* _Task prompt_: No pictures go in the copy. Restate, word for word, each line from the one containing "VIAL LARRAIN, JUAN" through the last line below.

*****

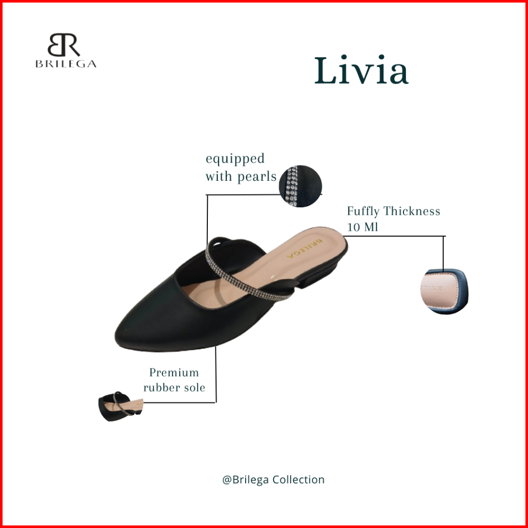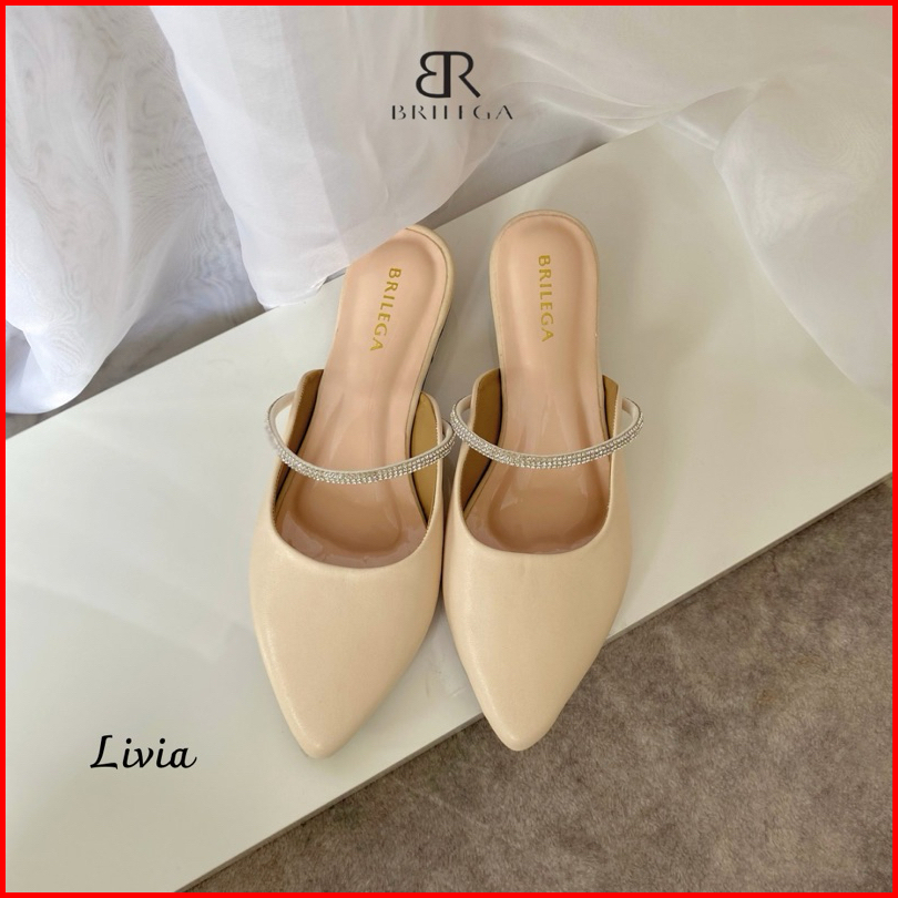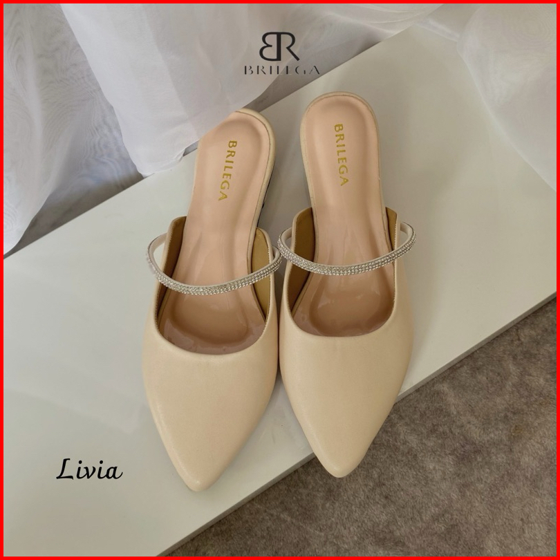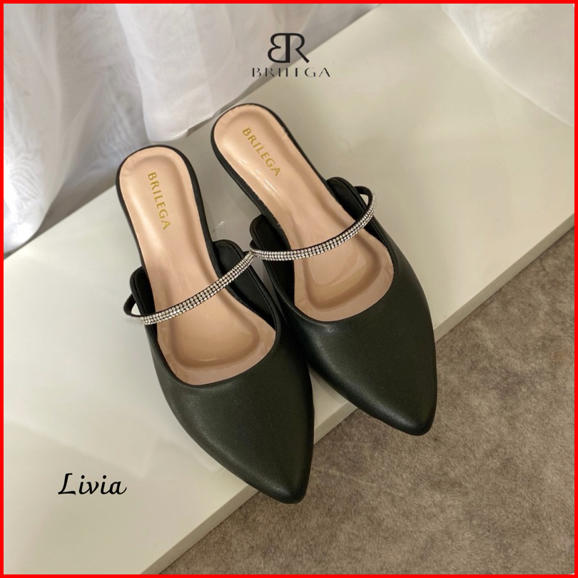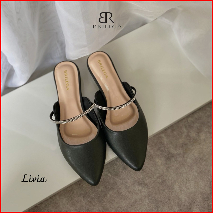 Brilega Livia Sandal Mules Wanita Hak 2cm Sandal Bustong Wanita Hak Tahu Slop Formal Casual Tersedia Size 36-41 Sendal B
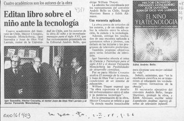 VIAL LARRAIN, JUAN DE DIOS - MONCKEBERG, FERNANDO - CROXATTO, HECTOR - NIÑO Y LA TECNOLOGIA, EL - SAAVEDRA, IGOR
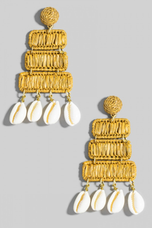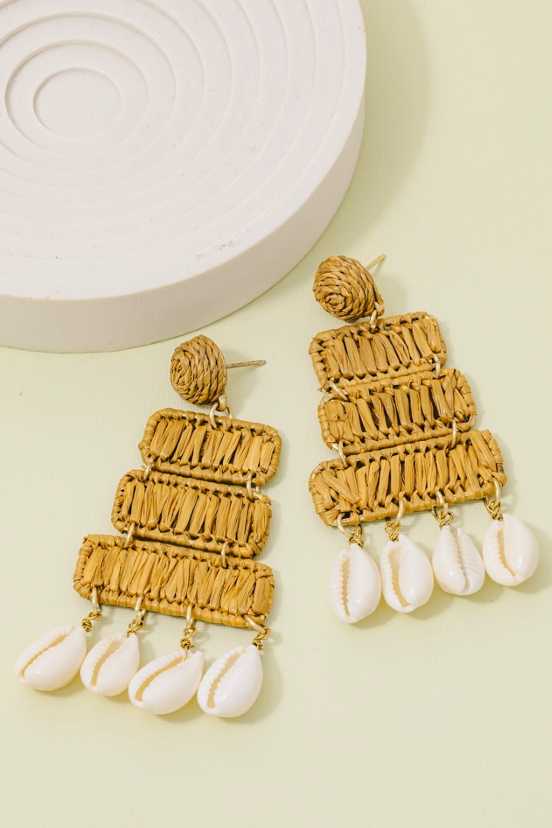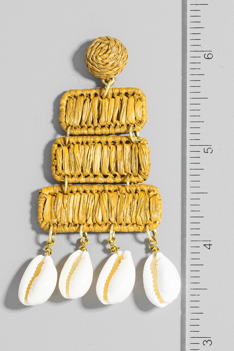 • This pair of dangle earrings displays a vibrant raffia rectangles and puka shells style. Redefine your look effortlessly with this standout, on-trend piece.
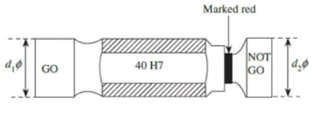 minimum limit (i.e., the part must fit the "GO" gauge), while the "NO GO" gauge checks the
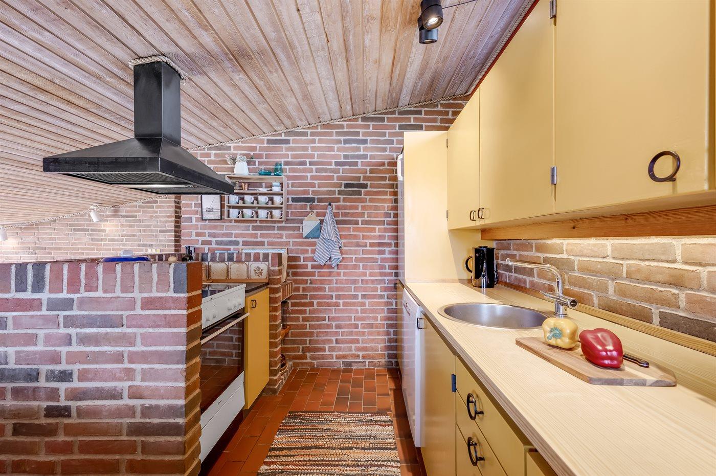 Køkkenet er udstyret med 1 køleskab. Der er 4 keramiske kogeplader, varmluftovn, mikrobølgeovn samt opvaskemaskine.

*****

* _Answer to this task_:
 VIAL LARRAIN, JUAN DE DIOS - MONCKEBERG, FERNANDO - CROXATTO, HECTOR - NIÑO Y LA TECNOLOGIA, EL - SAAVEDRA, IGOR
 • This pair of dangle earrings displays a vibrant raffia rectangles and puka shells style. Redefine your look effortlessly with this standout, on-trend piece.
 minimum limit (i.e., the part must fit the "GO" gauge), while the "NO GO" gauge checks the
 Køkkenet er udstyret med 1 køleskab. Der er 4 keramiske kogeplader, varmluftovn, mikrobølgeovn samt opvaskemaskine.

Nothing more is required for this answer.